Em Odivelas, o Pe. João Pedro foi Vigário e o seu trabalho era essencialmente relacionado com o grupo de escuteiros e de jovens, com quem organizava peregrinações a Fátima (as primeiras de Lisboa), festivais, entre outras coisas.
“A paróquia era muito grande e muito complexa. Era um trabalho muito intenso mas motivador”, afirma, acrescentando que, entretanto, em 1997, é-lhe pedido que parta para o Rio de Janeiro, no Brasil, onde se veio a deparar com uma realidade bem diferente daquela de onde vinha.
“Nos primeiros tempos fiquei como pároco numa das favelas mais sangrentas do Brasil, a Favela da Maré. Era um local complicado, em que praticamente cada dia havia um novo cadáver no meio da rua. Porém, lá a igreja era muito respeitada e pude conhecer a hospitalidade e bondade daquele povo simples”, afirma.
Depois da favela, passou para a paróquia de Niterói, “uma das zonas mais bonitas que já vi”, e onde desenvolveu principalmente o trabalho com os mais necessitados e com os jovens. Aí as cerimónias, como nos conta, “eram muito animadas. A música era uma constante. As pessoas batiam palmas, cantavam e oravam com as mãos no ar… era muito bonito”.

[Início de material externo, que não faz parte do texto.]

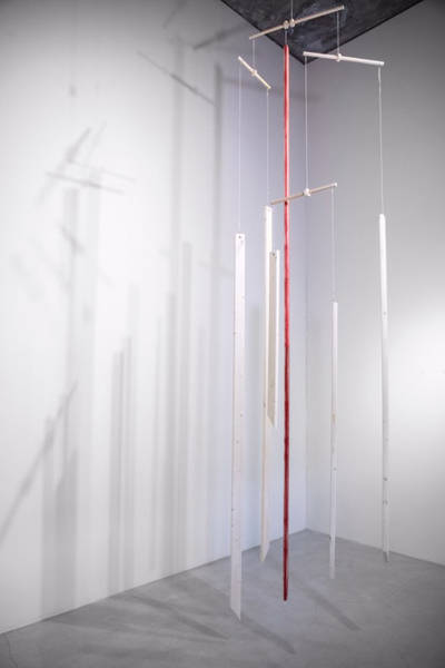 설치 작품인 ‘모빌’ 작업은 균형과 이해의 범주에 대한 작업이다. 모빌은 봉이 길수록 심플하게 걸릴 수 있는 범위가 많아 균형 잡기가 쉬워지지만, 작가는 오히려 봉을 짧게 잡아 움직임의 예민함을 보여준다. 폭이 좁아질수록 작가가 이야기하는 ‘가까워지지 않는 지점에 대한 균형’의 이야기가 근접하게 닿아 있다. 모빌을 설치하는 과정이 담긴 미디어도 함께 전시된다.

Algum tempo depois, é eleito superior da congregação Palotina no Brasil e muda de funções. “Nesse período o meu trabalho era essencialmente visitar as comunidades de vários locais do Brasil. Cheguei finalmente a conhecer a Amazónia, mas o desejo de ser missionário por lá ainda não foi realizado”, revela-nos, sem qualquer tipo de mágoa.
Assim que terminou os quatro anos como superior da congregação, o Pe. João Pedro regressou, a seu pedido, para Portugal como Reitor da Congregação e Capelão dos polacos. “Na altura [2011] foi-me pedido que viesse para Febres porque os padres brasileiros que aqui estavam queriam regressar ao Brasil”, explica-nos.
O paraíso
Em Febres, refere, descobriu “um novo Portugal. Um Portugal talentoso, de pessoas que gostam de cantar, de compor, de tocar instrumentos”, afirma visivelmente feliz.

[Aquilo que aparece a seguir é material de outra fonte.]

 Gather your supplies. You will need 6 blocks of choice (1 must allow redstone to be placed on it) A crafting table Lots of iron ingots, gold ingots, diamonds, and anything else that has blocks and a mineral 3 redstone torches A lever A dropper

Actualmente também à frente das paróquias de São Caetano, Vilamar, Corticeiro de Cima e Praia de Mira, o Pe. João Pedro, que conta com a ajuda de dois vigários também polacos, refere que não tem mãos a medir: “Aqui, principalmente durante o Verão, as igrejas enchem. A nossa paróquia anima-se muito quando chegam os meses de Julho e Agosto, em que se realizam várias cerimónias de baptizado e casamento no mesmo dia”. Depois de ter passado por tantos locais, o padre polaco, que no meio da população se sente “como peixe na água”, já sabe como se adaptar às circunstâncias.
“Sou eclético e felizmente adapto-me muito bem aos lugares onde estou. Se estou no Brasil procuro ser brasileiro, se estou em Febres tento ser uma pessoa mais da terra. Aqui sei, por exemplo, que tenho que fazer homilias curtas para que não dispersem a atenção”.

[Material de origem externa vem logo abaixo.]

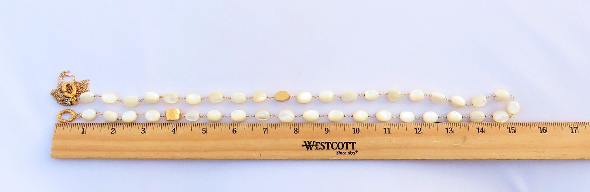 Presented is a unique mother of pearl and gilt silver beaded necklace. The necklace features oblong polished beads of beautiful mother of pearl, with hammered finish accent beads and a decorative tassel of gilt silver. The clasp is a simple but secure design consisting of two C shaped gold links that hook together.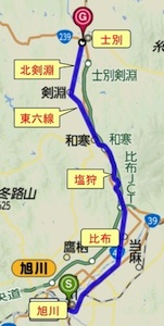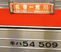 行き先表示板は「名寄←→旭川」となっていますが、実際は稚内行きです。「稚内←→旭川」という表示がなかったのでしょうか。車内は明らかな鉄っちゃん2人と地元のお客さん2人でしたが、発車が近づくにつれて増えて来ました。結局、若い鉄っちゃんの団体も乗車し、20人以上のお客さんを乗せて旭川駅を出発しました。あの年配の人ととも再々遭遇しました。根室で宿泊したあと、昨日は釧路から特急列車を使って札幌経由で旭川まで来たようです。プランはどのようにして立てているのかなどなど、いろいろと質問を受けましたので、できるだけわかりやすくお答えしました。

Nas suas missas, preparadas atempadamente e ao pormenor, tenta introduzir sempre um pouco de actualidade e da história da igreja ou dos santos “menos conhecidos”. Ao mesmo tempo, aposta numa ligação forte com os paroquianos, “que cada vez têm mais tendência a afastarem-se da igreja por vários motivos”, demonstrando- se disponível para os ouvir ou ajudar quando necessário.
Fã assumido do Papa Francisco, o Pe. João Pedro concorda com o ideal de uma igreja “que tem espaço para todas as pessoas”. Uma igreja que não reprime, que não esconde, que não exclui: “O Padre Francisco é uma bênção porque fala muito aos sacerdotes e aos bispos tentando mudar um pouco a mentalidade, aquele clericalismo que não é muito saudável. É importante que as pessoas percebam que a igreja tem que ir para a periferia, onde as pessoas muitas vezes estão desprezadas e pouco amadas”.
Aos 52 anos, e com 26 anos de sacerdócio, a sua principal “missão” é, deste modo, tentar animar os vários sítios da freguesia, “porque há uns mais interessados em fazer coisas e outros menos”. “Quero que as pessoas ganhem mais vontade, mais ânimo pela religião e pela própria vida… Quando cá cheguei muitos destes lugares não comemoravam as suas festas e as igrejas e capelas estavam vazias, agora já se nota as coisas a mudarem”, afirma, orgulhoso.
Outros dos objectivos é apostar ainda mais nos cursos Alpha e COR (Curso de Orientação Religiosa), de forma a chegar a mais pessoas, essencialmente jovens, atraindo-as para a igreja e para a palavra de Deus. “Estes cursos trazem muitas mudanças. Várias pessoas que se julgavam totalmente afastadas da igreja, encontraram-se novamente depois de frequentarem estes cursos”, sublinha.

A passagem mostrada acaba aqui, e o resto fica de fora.